Birth weight is determined by the interplay between infant genetics and the intrauterine environment and is associated with several health outcomes in later life. Many studies have reported an association between birth weight and DNA methylation in infants and suggest that altered epigenetics may underlie birthweight-associated health outcomes. However, birth weight is a relatively nonspecific measure of fetal growth and consists of fat mass and fat-free mass which may have different effects on health outcomes which motivates studies of infant body composition and DNA methylation. Here, we combined genome-wide DNA methylation profiling of buccal cells from 47 full-term one-week old infants with accurate measurements of infant fat mass and fat-free mass using air-displacement plethysmography.

Results

No significant association was found between DNA methylation in infant buccal cells and infant body composition. Moreover, no association between infant DNA methylation and parental body composition or indicators of maternal glucose metabolism were found.

Conclusions

Despite accurate measures of body composition, we did not identify any associations between infant body fatness and DNA methylation. These results are consistent with recent studies that generally have identified only weak associations between DNA methylation and birthweight. Although our results should be confirmed by additional larger studies, our findings may suggest that differences in DNA methylation between individuals with low and high body fatness may be established later in childhood.

Background

Epigenetic variations, such as DNA methylation, have been associated with a growing number of chronic diseases and conditions, including obesity [1,2,3,4,5]. Interestingly, the intrauterine environment may alter DNA methylation patterns in the developing embryo and associations between DNA methylation in neonatal blood and maternal body mass index (BMI), gestational weight gain and smoking have been reported [6, 7]. These associations are supported by animal models in which diet-induced epigenetic changes and their associated phenotypes have been transmitted across multiple generations [8,9,10] and epidemiological studies have hypothesized that extremes in diet may result in altered disease risk in subsequent generations, possibly via an epigenetic mechanism [11, 12]. Moreover, recent studies have identified an association between neonatal blood DNA methylation and birth weight [13, 14]. As birth weight is predictive of several health outcomes later in life [15, 16], DNA methylation has been proposed as a potential molecular mechanism underlying these associations.

How DNA methylation changes may causally contribute to fatness phenotypes in humans remains unresolved, but a growing body of evidence supports the potential of minor epigenetic changes in early development to cause large changes in body composition [17, 18]. Indeed, we previously showed that subtle epigenetic variation in early mouse development can result in profound changes in littermate body composition [18]. Building on our work in mouse, Pospisilik and colleagues [17] have demonstrated that similar transcriptional variance during early development could result in a stable bi-modal phenotype; obese or not-obese.

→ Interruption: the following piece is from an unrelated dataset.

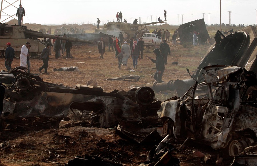 Read morePeople look at destroyed tanks belonging to forces loyal to Libyan leader Muammar Qaddafi after an air strike by coalition forces between Benghazi and Ajdabiyah on March 20, 2011. #

Importantly, identification of an imprinted gene network as causal in the bi-modal phenotype and it’s recapitulation in a cohort of lean and obese children [17], highlights the potential of epigenetic dysregulation in generation of fat related phenotypes in human [19]. Genomic imprinting as a source of epigenetic-driven alterations in body composition are particularly attractive as DNA methylation is essential for establishing and maintaining genomic imprints and genetic loss of imprinting is typically associated with over-growth and metabolic phenotypes [20].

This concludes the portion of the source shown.